- [EXERCISE INPUT]:
↓

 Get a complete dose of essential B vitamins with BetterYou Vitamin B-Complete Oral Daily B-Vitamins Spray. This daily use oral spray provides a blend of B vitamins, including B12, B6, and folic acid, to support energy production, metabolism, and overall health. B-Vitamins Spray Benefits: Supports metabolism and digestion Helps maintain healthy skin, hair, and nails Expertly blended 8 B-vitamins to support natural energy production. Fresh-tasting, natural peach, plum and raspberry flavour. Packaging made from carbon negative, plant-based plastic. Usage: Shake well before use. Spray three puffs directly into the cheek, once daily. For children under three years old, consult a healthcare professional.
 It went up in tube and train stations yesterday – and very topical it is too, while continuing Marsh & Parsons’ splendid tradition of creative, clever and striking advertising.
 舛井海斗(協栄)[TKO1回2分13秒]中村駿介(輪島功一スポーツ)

↑
↓

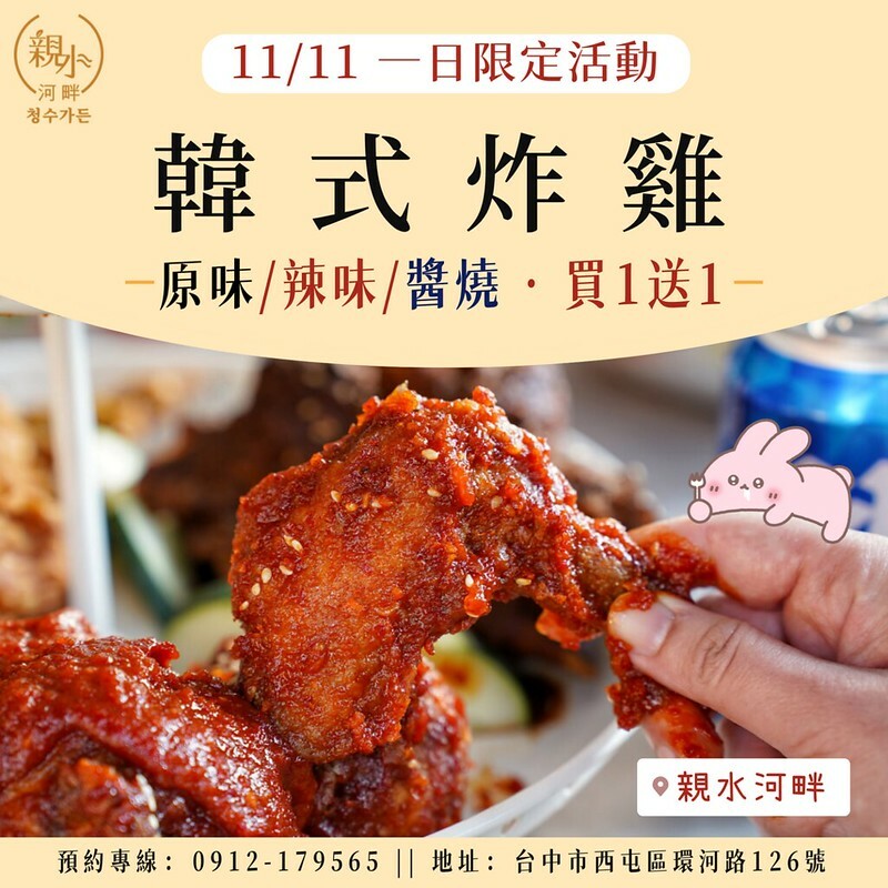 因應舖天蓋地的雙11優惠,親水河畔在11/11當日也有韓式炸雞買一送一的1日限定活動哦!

↑
↓

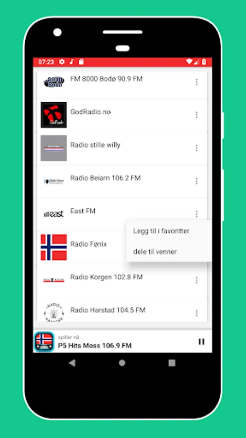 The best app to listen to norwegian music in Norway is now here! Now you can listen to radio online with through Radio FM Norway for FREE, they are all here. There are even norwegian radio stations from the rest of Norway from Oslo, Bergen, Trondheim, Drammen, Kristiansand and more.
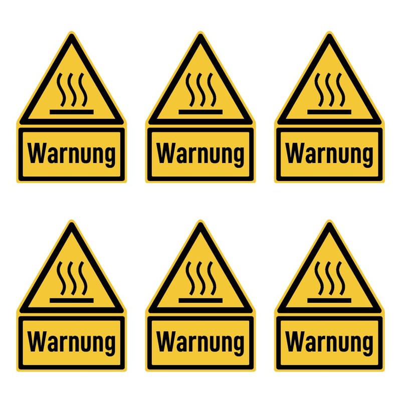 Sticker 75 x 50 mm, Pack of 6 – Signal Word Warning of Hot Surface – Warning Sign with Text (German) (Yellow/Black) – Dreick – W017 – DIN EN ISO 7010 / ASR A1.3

↑

- [TASK TO CARRY OUT]: Above, find the line holding "The best app" and the line holding "Sticker 75 x". Print exactly those two lines and every line between them, but no pictures.

- [RESPONSE AREA]:
 The best app to listen to norwegian music in Norway is now here! Now you can listen to radio online with through Radio FM Norway for FREE, they are all here. There are even norwegian radio stations from the rest of Norway from Oslo, Bergen, Trondheim, Drammen, Kristiansand and more.
 Sticker 75 x 50 mm, Pack of 6 – Signal Word Warning of Hot Surface – Warning Sign with Text (German) (Yellow/Black) – Dreick – W017 – DIN EN ISO 7010 / ASR A1.3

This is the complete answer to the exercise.